The plaintiff's submissions are thus sufficient to demonstrate, prima facie, that it performed legal services for the defendants, for which it billed the defendants $725,632.75 in legal fees and $24,008.06 in costs and expenses; those bills were accepted by the defendants without objection; and partial payment was made in the amount of $155,000, leaving an outstanding balance due of $594,640.81. This outstanding balance was further reduced by $150,000 due to a pair of settlement agreements reached with the answering defendant, Wayne Sturman, and Jeffrey Meshel, who was named as a defendant in the original complaint but was removed as a defendant in the amended complaint, leaving an outstanding balance of $444,640.81 that the plaintiff now seeks to recover from the defaulting defendants.
The court need not reach the remaining causes of action of the complaint.

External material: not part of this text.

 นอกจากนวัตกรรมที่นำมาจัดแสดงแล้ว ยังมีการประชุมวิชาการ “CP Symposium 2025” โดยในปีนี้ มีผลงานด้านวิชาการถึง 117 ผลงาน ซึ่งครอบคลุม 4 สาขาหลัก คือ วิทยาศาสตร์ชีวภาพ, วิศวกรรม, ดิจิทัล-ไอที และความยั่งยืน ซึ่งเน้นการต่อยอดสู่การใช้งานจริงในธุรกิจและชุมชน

The plaintiff's request for attorney's fees is denied as an improper request for fees on fees. "[A]n award of fees on fees must be based on a statute or agreement." Sage Realty Corp, v Proskauer Rose LLP, 288 A.D.2d 14, 15 (1st Dept. 2001). Since clear and unambiguous contractual or statutory language permitting fees on fees is absent here, no such award is warranted. See 546-522 West 146th Street LLC v Arfa, 99 A.D.3d 117 (1st Dept. 2012); Sage Realty Corp, v Proskauer Rose LLP, supra.

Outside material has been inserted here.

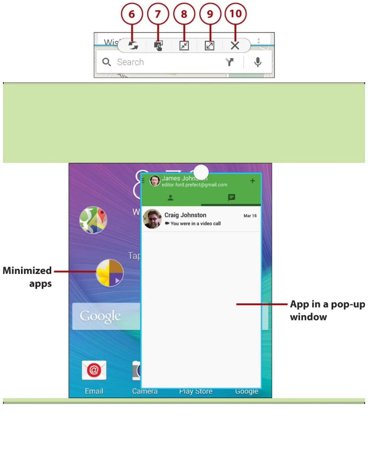 screen.Youcandragtheminimizedappanywhereonthescreen.Ifyoutouchandholdtheapp,a

Nor is there any agreement in the record to support the plaintiff's request for 12% contractual interest. Rather, statutory interest of 9% is awarded from May 30, 2018. While interest may be computed "from the earliest ascertainable date the cause of action existed", where, as here, "damages were incurred at various times", interest may be computed "upon all of the damages from a single reasonable intermediate date." CPLR 5001(b). Since the unpaid invoices span a five-year period just prior to commencement of the action, the date that approximates 2 /1/2 years from the first unpaid invoice is June 1,2018. See Maurice Kassimir & Assocs., P.C. v Omri, 189 A.D.3d 581 (1st Dept. 2020); Solow Mgmt. Corp, v Tanger, 43 A.D.3d 691 (1st Dept. 2007).
Accordingly, it is
ORDERED that the plaintiff's motion, pursuant to CPLR 2221(e), to renew its prior motion for leave to enter a default judgment against the defaulting defendants and, upon renewal, pursuant to CPLR 3215, for leave to enter a default judgment, is granted, without opposition; and it is further
ORDERED that the Clerk of the court shall enter a money judgment in favor of the plaintiff and against defendants David Kushner, Paradigm Credit Corp., Paradigm Capital Group, LLC, Paradigm Capital Funding LLC, Mercury Credit Corp., Paradigm CF Corp, f/k/a Mercury Capital Corp., Paradigm Monroe Center III LLC, Paradigm Exchange LLC, Exchange Partners Group LLC, PCF Exchange LLC, Paradigm Elizabeth, LLC, Paradigm East Hanover LLC, East Hanover Partners LLC, Tulipan Industry &Sons LLC, and NOMG Limited Partnership, jointly and severally, in the sum of $444,640.81; plus costs and statutory interest from June 1,2018, and it is further
ORDERED that the Clerk shall mark the file accordingly.
This constitutes the Decision and Order of the court.